Collected data entries:
------------------------------------------------
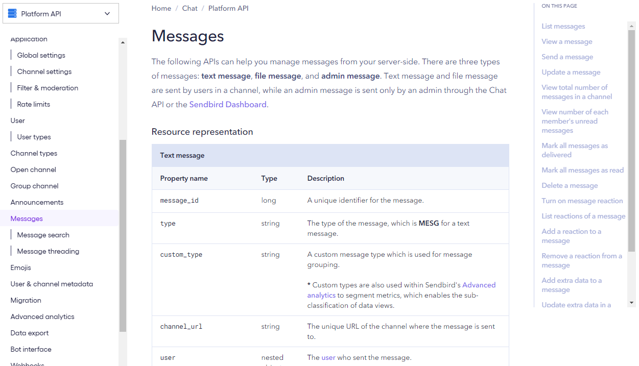 app_id = '앱' api_token = {'Api-Token': '토큰'} user_id = urllib.parse.quote('유저', safe='') channel_url = 'sendbird_open_channel_채널' requests.get(f"https://api-{app_id}.sendbird.com/v3/users/{user_id}", headers=api_token) requests.get(f"https://api-{app_id}.sendbird.com/v3/open_channels", headers=api_token) requests.get(f"https://api-{app_id}.sendbird.com/v3/open_channels/{channel_url}", headers=api_token) requests.get(f"https://api-{app_id}.sendbird.com/v3/open_channels/{channel_url}/participants", headers=api_token) headers = {'Api-Token': '토큰', 'Content-Type': 'application/json; charset=utf-8'} data = {'message_type': 'MESG', 'user_id': '유저', 'message': '메세지'} requests.post(f"https://api-{app_id}.sendbird.com/v3/open_channels/{channel_url}/messages", headers=headers, data=json.dumps(data)) message_at = ... message_id = ... response = requests.get(f"https://api-{app_id}.sendbird.com/v3/open_channels/{channel_url}/messages?쿼리=...", headers=api_token) messages = response.json() message_list = messages['messages'] for message in message_list: if message['type'] == 'MESG': print(...)
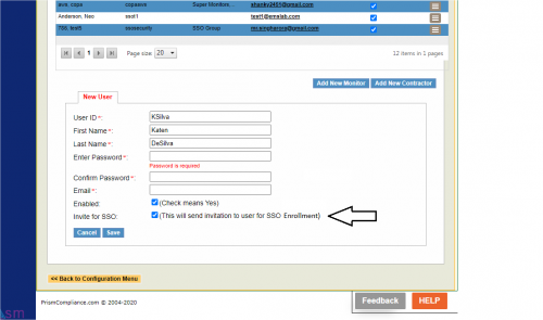An invitation can also be sent while adding a new monitor to PRISM. Note the "Invite for SSO" check box.
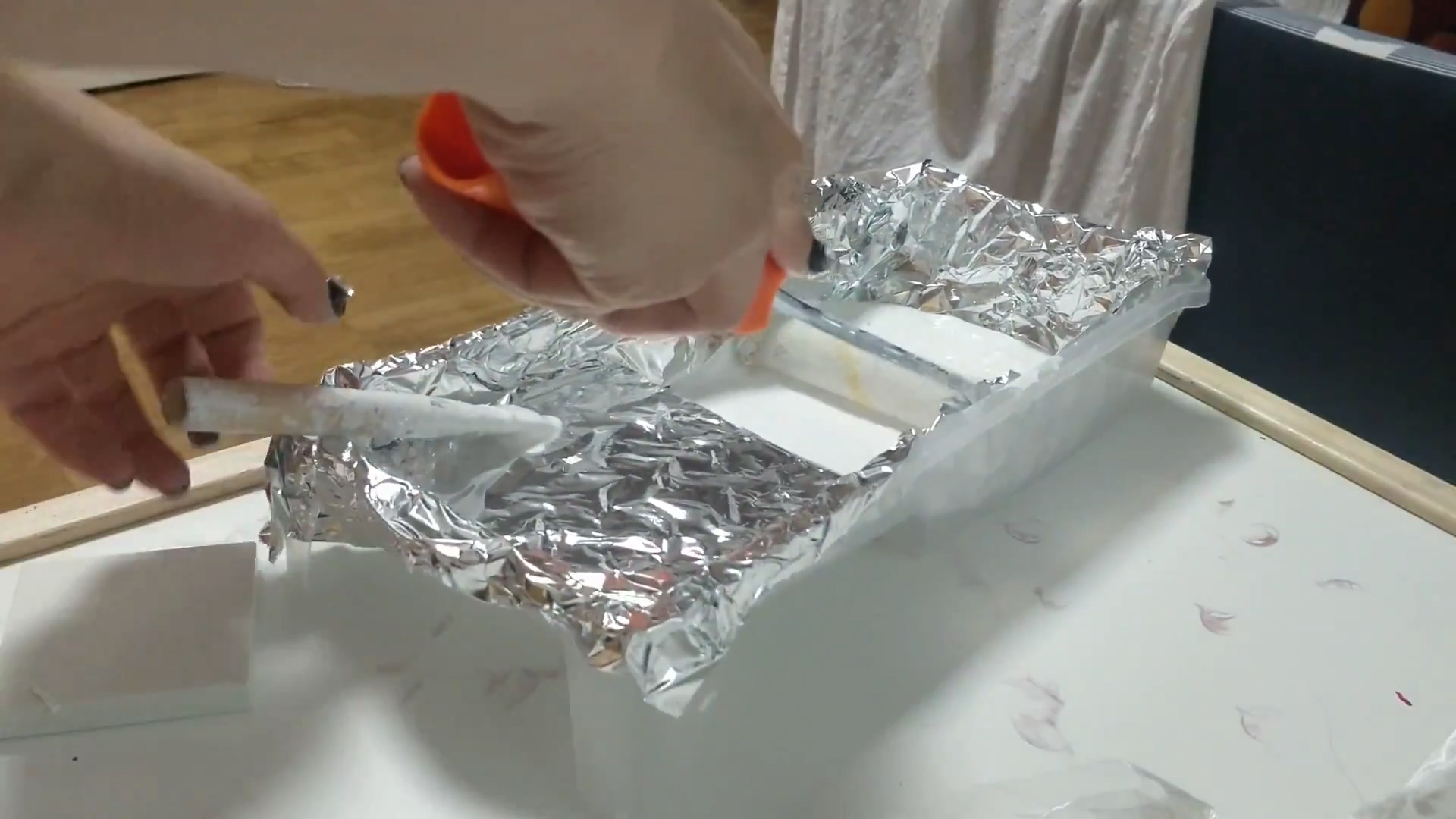 여러 번 트레이에 밀면서 골고루 펴줘야지 페인트가 별로 튀지 않고
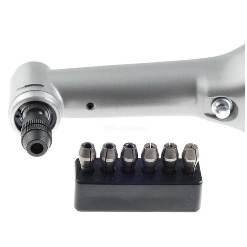 6 Spannzangen für Schäfte: 1 - 1,5 - 2 - 2,4 - 3 und 3,2 mm mit Spannmutter. Kunststoffkoffer
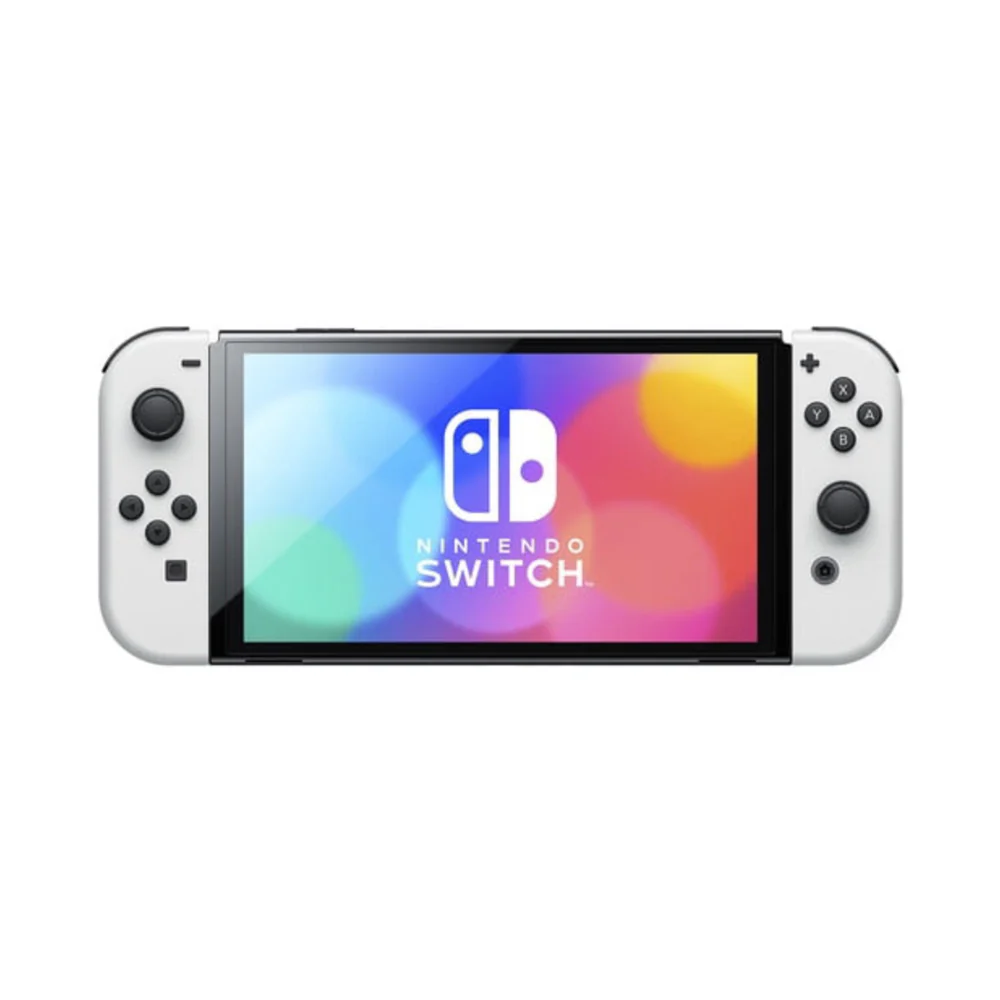 The Nintendo Switch OLED Console in White includes the upgraded OLED screen for enhanced visuals and handheld gaming experience. Bundled with Minecraft, it offers versatile gameplay whether docked or in handheld mode.
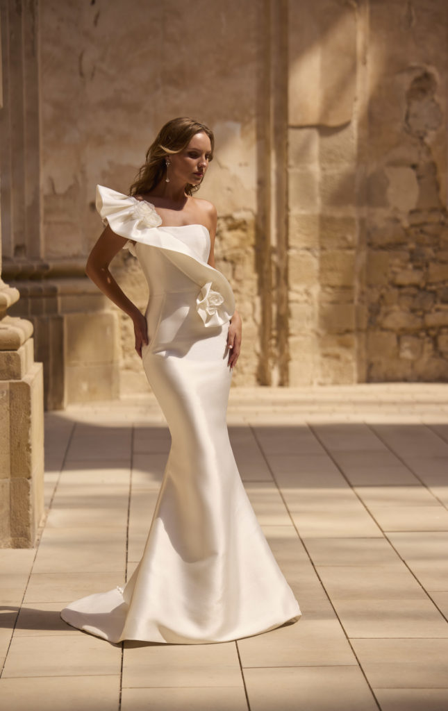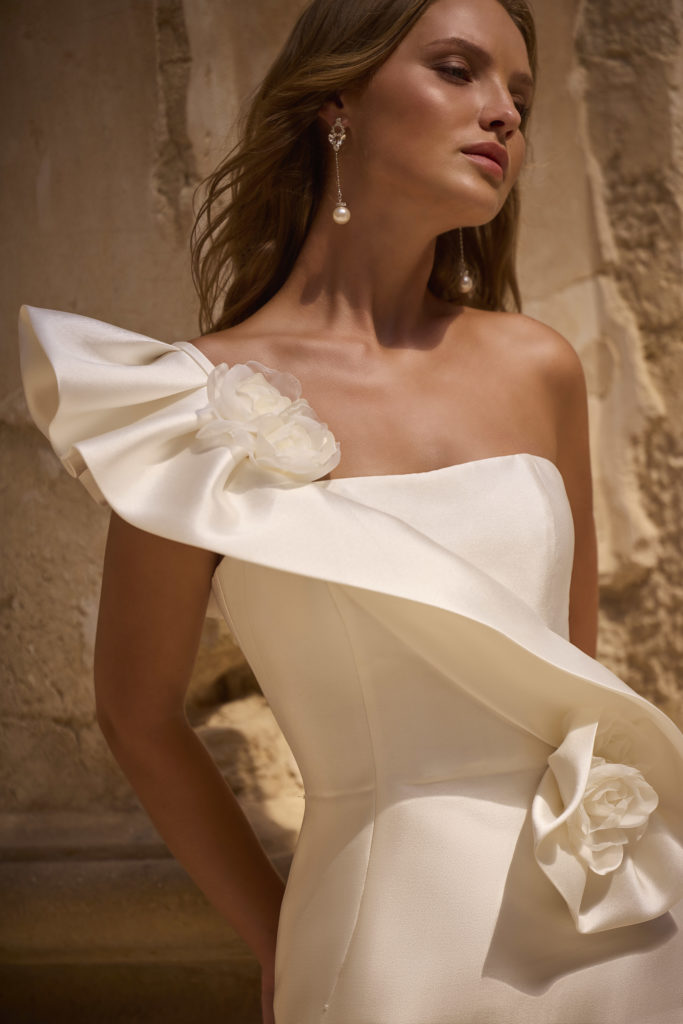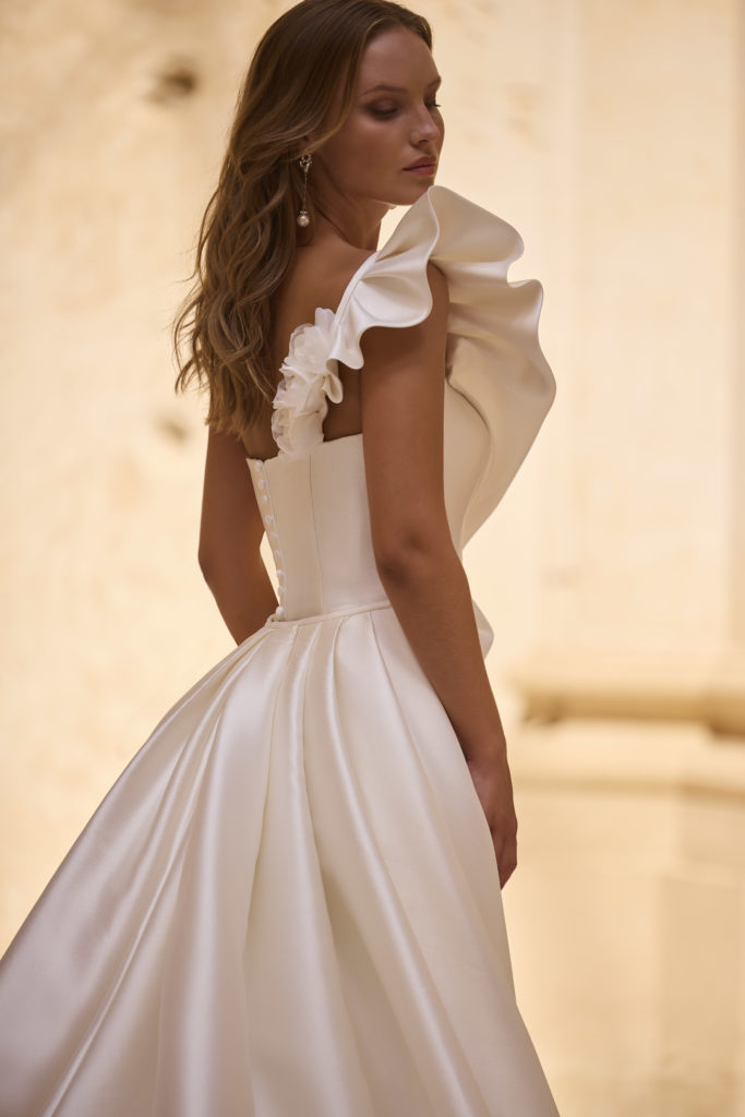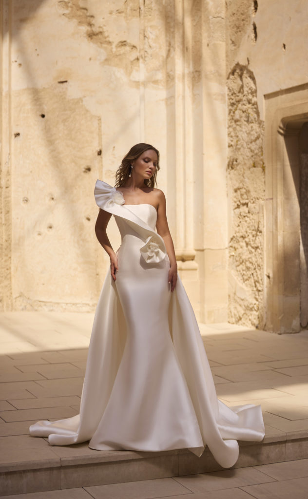 La sur traîne est amovible et la robe est entièrement confectionnée en mikado.
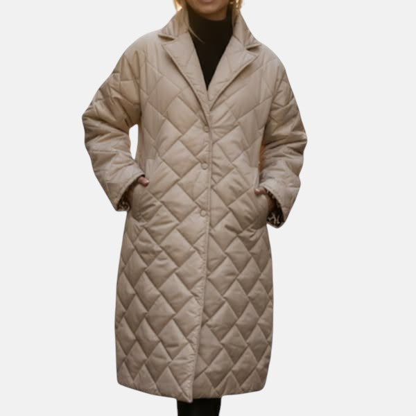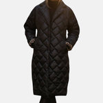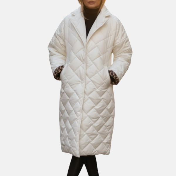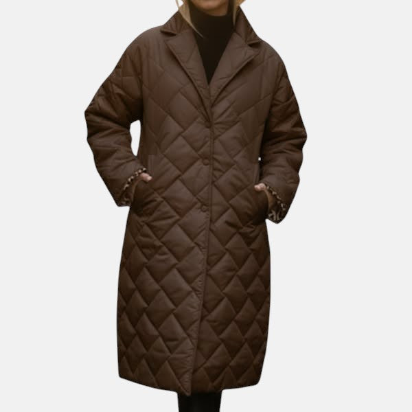 Kestä kylmä sää tyylillä. Tämä pitkä toppatakki tarjoaa täydellisen tasapainon lämpimyyden ja modernin eleganssin välillä. Tikattu pinta luo hienostuneen ilmeen, ja eläinkuosinen vuori antaa rohkean ja ainutlaatuisen lisäsävyn. Täydellinen kylmiin päiviin – monikäyttöinen takki, joka sopii täydellisesti housujen, saappaiden ja huivien kanssa, pitäen olosi mukavana ja tyylisi moitteettomana kaikissa tilanteissa.
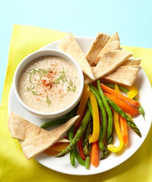 الحمص يعزز الطاقة لإحتوائة على الحديد، وشرائح الفليفلة الحلوة الحمراء تحتوي على نسبة عالية من فيتامين C، وستساعدك على إمتصاص الحديد من الحمص، كما يقول خبير التغذية الشاملة بيغي Kotsopoulos، مؤلف كتاب يجب أن يكون ذا أكلت يكون.
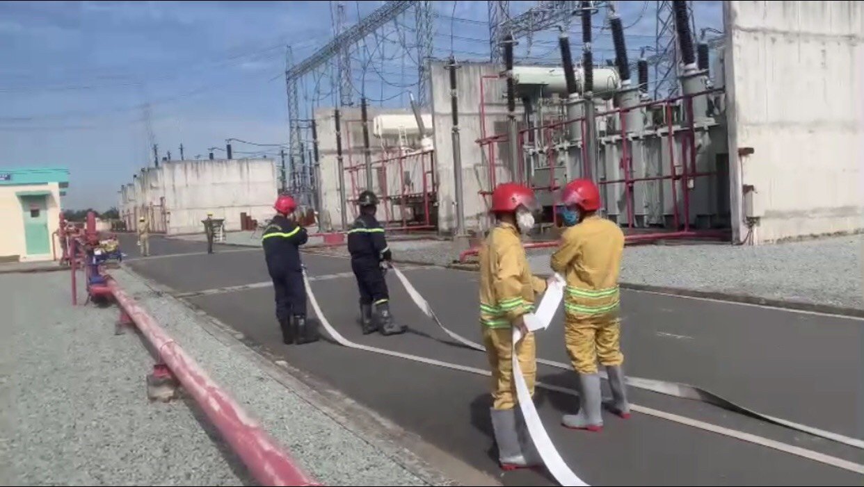 Vào lúc 10 giờ 00 phút ngày 15/12/2021, Trạm biến áp 500kV Tân Uyên đã phối hợp với Đội PCCC&CNCH Vĩnh Tân thực tập giả định tình huống cháy phức tạp trong phương án chữa cháy đã được Phòng CS PCCC&CNCH Công an tỉnh Bình Dương phê duyệt.
------------------------------------------------
REQUIREMENT: Print every entry above again without changing a word, and omit the pictures.

ANSWER BELOW:
 app_id = '앱' api_token = {'Api-Token': '토큰'} user_id = urllib.parse.quote('유저', safe='') channel_url = 'sendbird_open_channel_채널' requests.get(f"https://api-{app_id}.sendbird.com/v3/users/{user_id}", headers=api_token) requests.get(f"https://api-{app_id}.sendbird.com/v3/open_channels", headers=api_token) requests.get(f"https://api-{app_id}.sendbird.com/v3/open_channels/{channel_url}", headers=api_token) requests.get(f"https://api-{app_id}.sendbird.com/v3/open_channels/{channel_url}/participants", headers=api_token) headers = {'Api-Token': '토큰', 'Content-Type': 'application/json; charset=utf-8'} data = {'message_type': 'MESG', 'user_id': '유저', 'message': '메세지'} requests.post(f"https://api-{app_id}.sendbird.com/v3/open_channels/{channel_url}/messages", headers=headers, data=json.dumps(data)) message_at = ... message_id = ... response = requests.get(f"https://api-{app_id}.sendbird.com/v3/open_channels/{channel_url}/messages?쿼리=...", headers=api_token) messages = response.json() message_list = messages['messages'] for message in message_list: if message['type'] == 'MESG': print(...)
An invitation can also be sent while adding a new monitor to PRISM. Note the "Invite for SSO" check box.
 여러 번 트레이에 밀면서 골고루 펴줘야지 페인트가 별로 튀지 않고
 6 Spannzangen für Schäfte: 1 - 1,5 - 2 - 2,4 - 3 und 3,2 mm mit Spannmutter. Kunststoffkoffer
 The Nintendo Switch OLED Console in White includes the upgraded OLED screen for enhanced visuals and handheld gaming experience. Bundled with Minecraft, it offers versatile gameplay whether docked or in handheld mode.
 La sur traîne est amovible et la robe est entièrement confectionnée en mikado.
 Kestä kylmä sää tyylillä. Tämä pitkä toppatakki tarjoaa täydellisen tasapainon lämpimyyden ja modernin eleganssin välillä. Tikattu pinta luo hienostuneen ilmeen, ja eläinkuosinen vuori antaa rohkean ja ainutlaatuisen lisäsävyn. Täydellinen kylmiin päiviin – monikäyttöinen takki, joka sopii täydellisesti housujen, saappaiden ja huivien kanssa, pitäen olosi mukavana ja tyylisi moitteettomana kaikissa tilanteissa.
 الحمص يعزز الطاقة لإحتوائة على الحديد، وشرائح الفليفلة الحلوة الحمراء تحتوي على نسبة عالية من فيتامين C، وستساعدك على إمتصاص الحديد من الحمص، كما يقول خبير التغذية الشاملة بيغي Kotsopoulos، مؤلف كتاب يجب أن يكون ذا أكلت يكون.
 Vào lúc 10 giờ 00 phút ngày 15/12/2021, Trạm biến áp 500kV Tân Uyên đã phối hợp với Đội PCCC&CNCH Vĩnh Tân thực tập giả định tình huống cháy phức tạp trong phương án chữa cháy đã được Phòng CS PCCC&CNCH Công an tỉnh Bình Dương phê duyệt.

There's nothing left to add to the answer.